Namun kemudian terjadi operasi pergantian rezim, lanjut Imran. “Ada pertemuan sebelum pemerintah kami digulingkan, Bajwa dan ketua ISI – saya tidak ingat apakah itu Jenderal Faiz atau Jenderal Nadeem – tapi kami berbicara tentang adanya pemerintahan pro-Pakistan di Afghanistan sekarang (…) dan apa yang harus dilakukan terhadap 30.000 hingga 40.000 pejuang (Tehreek-i-Taliban Pakistan).”
“Sebuah diskusi terjadi dan ketika kami berbicara, dua birokrat (…) memberi tahu kami tentang risiko pembentukan Taliban (Tehreek-i-) (Pakistan…) diputuskan bahwa MNA dari wilayah kesukuan dan pasukan keamanan kami akan memutuskan bagaimana memfasilitasi dan merehabilitasi mereka.”
Imran menyayangkan sayangnya perundingan tersebut tidak dapat dilanjutkan.
Imran menggandakan tuntutan terhadap Zardari
Dalam pidatonya, Imran juga menggandakan tuduhannya mengenai wakil ketua PPP Asif Ali Zardari yang menjadi bagian dari konspirasi untuk “menyingkirkannya”.
Mengomentari pemberitahuan pencemaran nama baik yang dikirimkan kepadanya oleh PPP, Imran mengatakan dia mengundurkan diri karena pemberitahuan tersebut akan memastikan mantan presiden tersebut hadir di pengadilan.
Ketika hal itu terjadi, Imran mengklaim, pengadilan akan menanyakan Zardari apakah ia mempunyai reputasi yang merugikan. “Tanyakan kepada masyarakat Sindh tentang sistem ketidakadilan yang Anda bangun di sana.”
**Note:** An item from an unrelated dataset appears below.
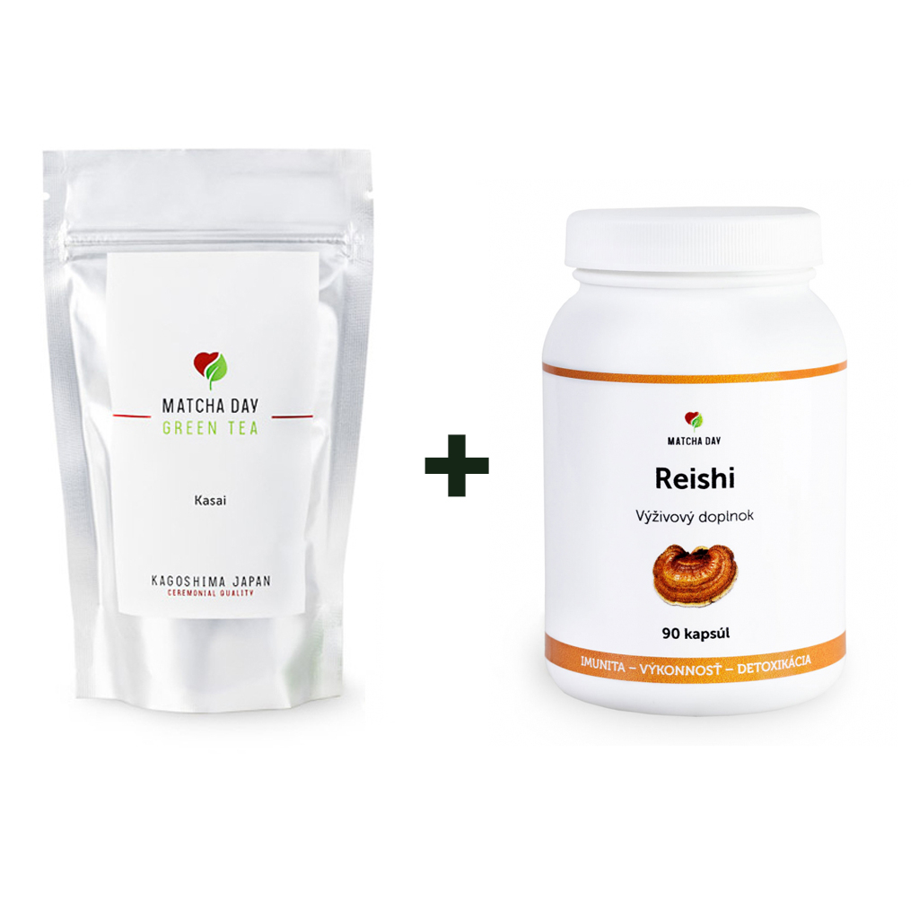 Balík Energia (Matcha Day Kasai 50g + Reishi extrakt 90 kapsúl)

Imran meminta Zardari untuk bersumpah berdasarkan Al-Qur’an dan mengungkapkan “berapa banyak orang yang telah Anda bunuh (…) dan memberi tahu orang-orang apa yang telah Anda lakukan di masa lalu dan jenis teror apa yang Anda sebarkan di Sindh”.
Imran menggandakan tuduhan sebelumnya terhadap Zardari dan mengatakan bahwa ada kelompok teroris yang terlibat dalam konspirasi untuk membunuhnya. “Informasi saya sangat kuat sehingga saya tahu rincian tentang petugas lembaga mana yang bersama Anda.”
Imran mengatakan ada tiga rencana untuk membunuhnya, dan menjelaskan bahwa rencana ketiga adalah “membunuh saya atas nama terorisme”.
“Mereka akan mengatakan terorisme kembali terjadi dan terjadi serangan bunuh diri yang menyebabkan saya terbunuh,” klaimnya.